Katie Hopkins vows she will not be silenced over the refugee crisis

Hopkins broke her silence on Monday after thousands demanded she apologise for past comments about refugees

Click to follow
The Independent Online

Katie Hopkins has vowed she will not be silenced over the refugee crisis after images highlighting the plight of desperate people fleeing persecution sparked a backlash from thousands.

The acerbic columnist and TV presenter was once again at the centre of furious criticism last week over a comment piece published five months ago that reacted to the deaths of hundreds of refugees by comparing them to cockroaches. 

The dehumanising article was widely condemned by refugee rights groups and compared to pro-genocide propaganda by the United Nations.

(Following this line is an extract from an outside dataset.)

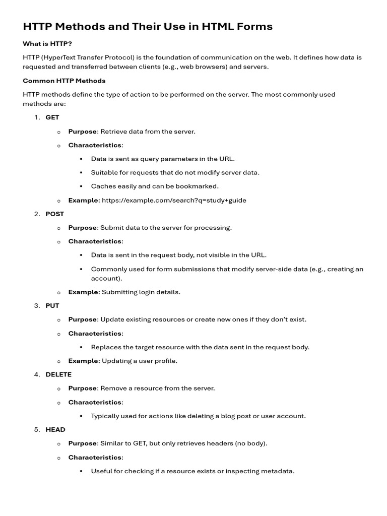 HTTP Methods and Their Use in HTML Forms

Hopkins was also questioned by police over allegations of inciting racial hatred in connection with the piece, which included the sentence: "Show me pictures of coffins, show me bodies floating in water, play violins and show me skinny people looking sad: I still don't care.”



Twitter users began bombarding her with tweets reminding her of that sentence after the #refugeeswelcome campaign was launched alongside a devastating picture of the Syrian child Alyan Kurdi lying dead on the shore of a Turkish beach.

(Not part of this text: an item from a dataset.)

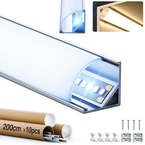GEEKLUX Profile Alu pour Ruban LED angulaire 2 m x 10 (20 m) Profilé aluminium V-form 45°, pour band LED jusqu'à 10 mm avec Diffuseur LED, häll plafond, escalier, mynt – 15,8 x 15,8 mm

While usually outspoken, Hopkins did not answer her critics or comment directly on the crisis until Monday, when she broke her silence with a tweet criticising Britain’s foreign policy in Syria by comparing it to a box of plasters. 

In a series of tweets on Monday evening, Hopkins warned Britain was thinking emotionally instead of rationally about the biggest refugee crisis to hit Europe since the Second World War. 

“When it comes to refugees, Britain is thinking with its heart not its head,” she warned. “That's like dancing with your elbows."

Thanking the public for emails and letters of support, she promised her views on the crisis and reaction were forthcoming.

She also mocked a Change.org petition calling for her to be swapped for 50,000 Syrian refugees after it was signed by more than 50,000 people, writing: "Petitions are great. One click and you're like, literally, clicking your mouse. Once. That's empowerment right there! Boom."

Harrowing pictures of a police officer cradling Alyan's body on a Turkish beach and other images demonstrating the scale of human suffering and death have galvanised Europe into action.

Thousands of residents in the UK are offering their homes to Syrian refugees and 5,000 people have registered for a Citizens Advice scheme aiming to make Britain a "safe haven" for displaced Syrians by promising a spare bed or advocating on behalf of refugees.